The setup was sweetened by a total lack of teaching or administrative responsibilities, a Norton Commando 850 motorcycle, and enough NIH and NCI grant money to pursue what Allison was really interested in—the T cell.
“It was a fantastic time in science because immunology had just been this poorly understood field,” he says. “I mean, everybody knew we had an immune system, because there were vaccines. But nobody knew much about the details of anything.”

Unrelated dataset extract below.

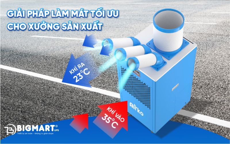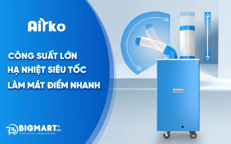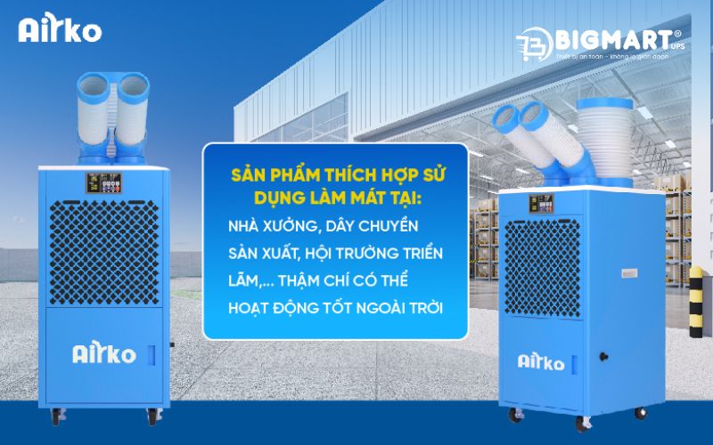 Với khả năng làm mát mạnh mẽ và phạm vi hoạt động rộng, Airko DAKC‑45 New 2025 đặc biệt hiệu quả trong các không gian lớn như nhà xưởng, kho hàng, trạm biến áp, nhà máy sản xuất hoặc khu vực tổ chức sự kiện ngoài trời.

One of the things nobody knew was how a T cell recognized a sick cell in the first place. By now it was understood that T cells killed off normal body cells that had become sick or infected. But exactly how a T cell “saw” that sick body cell, how it recognized the distinctively foreign sick cell proteins (or “antigens”) on the cell’s surface, was still a stone-cold mystery. Allison read every academic paper he could find on the topic, then read the papers cited in them.
There were plenty of theories about how a T cell recognized antigens. Most assumed that each T cell had a unique type of receptor (a specific arrangement of proteins extending from the cell surface) that recognized a specific antigen expressed by a sick cell, homing in and fitting something like a key into a lock.

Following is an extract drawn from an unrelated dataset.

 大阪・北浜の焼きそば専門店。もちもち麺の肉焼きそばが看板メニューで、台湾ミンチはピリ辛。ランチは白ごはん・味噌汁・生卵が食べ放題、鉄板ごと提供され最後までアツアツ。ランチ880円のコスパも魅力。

That was a reasonable theory, but nobody had actually found one of the receptors. If they existed, there should be a lot of them, scattered among all the yet-uncounted proteins that stuck out from the T-cell surface (there are so many that new ones are given numbers, like newly identified stars). Those “receptor” proteins would be molecules built in some sort of double-chain-like configuration. Several labs were convinced that it would look just like it did on another denizen of the adaptive immune system that “sees” antigens, the B cells.
Which, Allison thought, was stupid.
“People from Harvard and Johns Hopkins and Yale and from Stanford were already claiming they had a molecule that was the T cell receptor,” Allison says. “Most of them, because B cells make antibodies, figured that in T cells the receptor had to be an antibody-like thing, too.”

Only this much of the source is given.